Daily Aggravation 27: When people stand too close to you in line

What is it with people who don’t understand the rules that govern spatial boundaries between strangers? If I’m patiently waiting in line at Dean & Deluca (and hopefully not https://cnierman.wordpress.com/2012/03/19/daily-aggravation-15-waiting-in-line-at-dean-deluca/), then you should be at least six inches away from me at all times. Here’s a tip: if you’re standing so close to someone that you can lecherously smell her hair, you’re standing way too fucking close.

Daily Aggravation 15: Waiting in line at Dean & Deluca

Something about waiting in line at Dean & Deluca makes me feel like I’m going to pass out. Out of nowhere, I start to feel lightheaded and panicky and then I lose my hearing and everything starts to turn white. Once it was so bad that I had to thieve a bottle of water off the shelf and spend 10 minutes squatting in the spices aisle to minimize any head trauma that might’ve ensued if I had fainted on the tile floor. I’m puzzled as to why this only happens to me at Dean & Deluca, but I’m pretty sure that it’s because my subconscious finds it disgusting that I am willing to shell out $8 for a couple of pieces of spoiled fish wrapped in old rice.

Daily Aggravation 14: People who don’t understand Starbucks protocol

I’m almost embarrassed to admit that I’ve been to a Starbucks in every country I’ve visited except France (‘almost’ being the operative word here). Quite frankly, I find the consistency of the Starbucks experience to be soothing: it’s nice and formulaic, just like my favorite crime serials (to use the parlance of 1932).
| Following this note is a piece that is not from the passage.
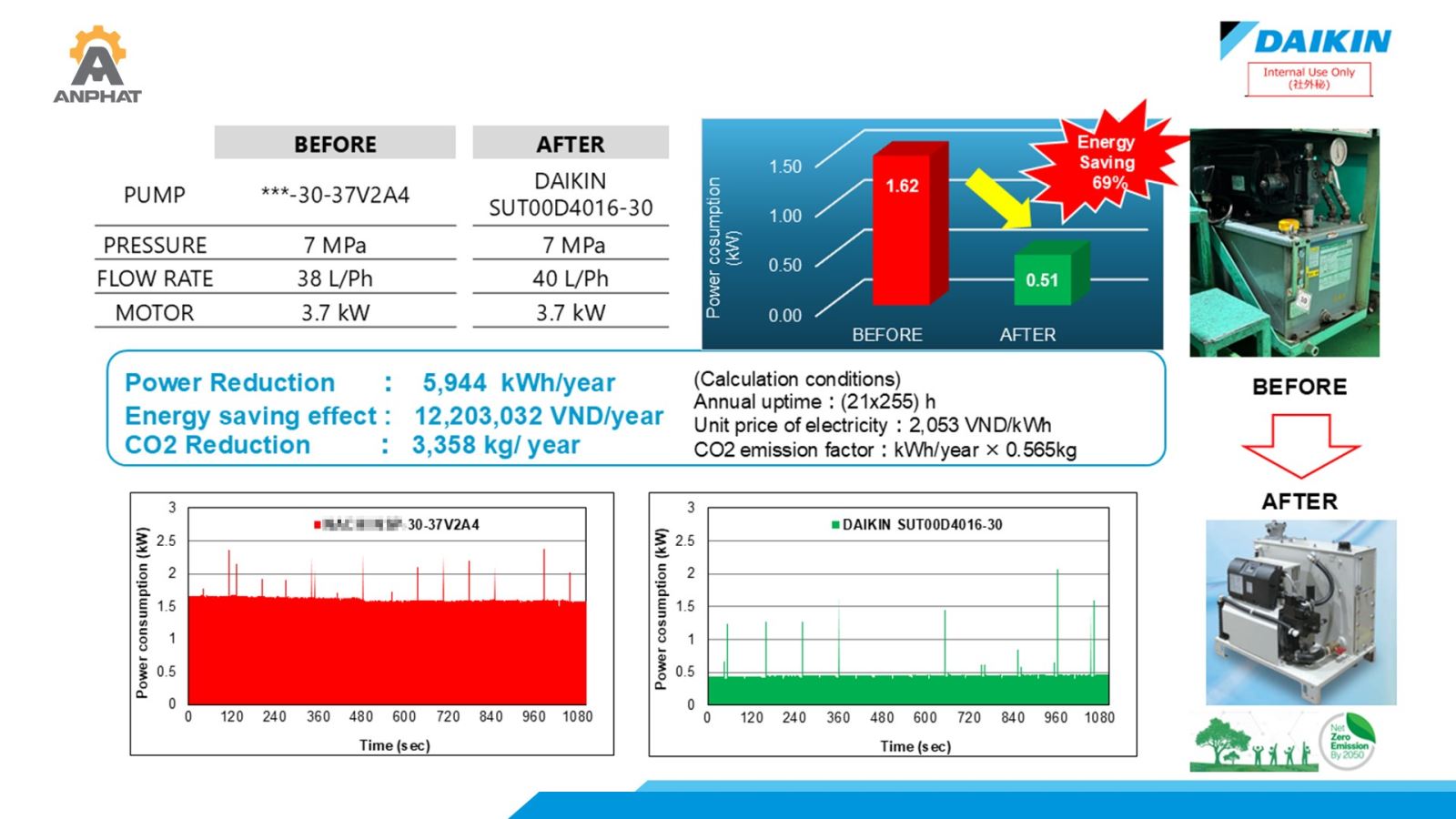Case study về hiệu quả tiết kiệm năng của bộ nguồn thủy lực Daikin lắp trên máy CNC

Seriously, and take my word for it, every Starbucks everywhere is the exact same – if I hadn’t had to speak pidgin Spanish at the Starbucks in Barcelona, I would’ve sworn that I was in America. So what’s with people who still don’t get how the line at Starbucks works? Take this morning, for example, when I was trying to get my Perfect Oatmeal on and some Scandinavian dude with a “David the Gnome” beard and tapered sweatpants was having a REALLY DIFFICULT TIME walking in the direction of an arrow (which I’m pretty sure is an activity that even Neanderthals had mastered). He caused a total commotion and kept pulling out his receipt and exchanging words with the barista and it was super weird and irritating. The message of this story is that the Scandinavian guy at Starbucks this morning was a moron.